Friday, May 4, 2018

Crabtree Falls, VA (1600-2600')

I must say, Crabtree Falls lives up to its hype.

If you live--or have lived, as in my case--anywhere in the vicinity of central Virginia, you've most likely heard of Crabtree Falls. It's right up there with Whiteoak Canyon and the Cascades on the list of classic Virginia waterfall hikes. On summer afternoons, especially in laurel-blooming season, folks flock to it from all over the state, braving crowds and splinters and scraped knees for the chance to glimpse the 1000-foot falls--the highest* east of the Mississippi--in all its crystalline, rock-slicking glory.

Fortunately, the (commodious) parking lot was almost empty when I arrived that April afternoon. I paid the $3 entrance fee, took my pick of parking spots, and headed up to the trailhead.

The first stretch of the trail was paved--universally accessible, as the sign at the base explained.
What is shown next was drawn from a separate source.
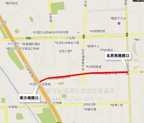 (八)由八达岭高速公路东侧辅路南沙滩路口至北辰西路路口,除残奥会专用车辆、残奥会公交专线车辆和管控区车辆,以及持开幕式入场券的残疾人乘坐的出租车、残疾人机动轮椅车,禁止其他机动车通行。沿线居民小区、单位的车辆可以凭驾驶人的有效居住证明或车辆的登记证明通行。(点击查看地图)

Here, as elsewhere along the hike, big orange signs warned against careless scrambling:

"Now I'm never gonna climb again/slippery feet have got no traction..."

The rest of the trail was rougher--as it had to be, given the terrain--but still quite carefully maintained.

After a couple tenths of a mile (yes, the mileage was labeled that precisely on that trail), I came to the first of the falls' several cascades:

From there, the trail veered off from the falls and switchbacked up the mountainside:

...with rails and steps and such to keep the kiddies safe.

Where it returned to the falls was a second overlook, this one with a much more comprehensive view:

See the top, way up there?

I looked my fill, then headed up more switchbacks, passing beneath a handful of interesting cliffs (and the gaze of a park ranger--no, LarLar, don't even think about taking a bite).

The trail continued up some steep stairs of yellow wood and past a third viewpoint:

then up a few more switchbacks to the final overlook:

Or, rather, underlook.

The trail continued on from there, following the now-sedate stream farther up the mountain:

But the improvements stopped there, and my legs were starting to stiffen up from all the hill-climbing I'd done that day. I rested for a moment, looking out at the steep, still-leafless walls of the Blue Ridge around me:

Sunset in an hour or so... better get back to civilization first.

then headed back down.

I'm glad I thought to visit the Falls outside of peak season--I bet lines form on all those ladderlike stairs in the summer. But I understand why, with cascades like that on display. And the trail to the top is about as accessible as the terrain surrounding a thousand-foot waterfall can possibly be. It'd be a great place to take kids... once they're old enough to consistently obey commands like "Stop right there!" and "Don't you dare climb that guardrail!", of course.

(...I'm gonna have a pack of monkeys on my hands someday, won't I?)

Some final food for thought: Not far from the start of the trail, there's a little fenced-off cemetery, home to two former owners of the land the falls is situated on. Up in this isolated, thin-soiled valley, their lives must have been quiet and full of hard work. I wonder what they'd think of all the crowds that come here now for entertainment?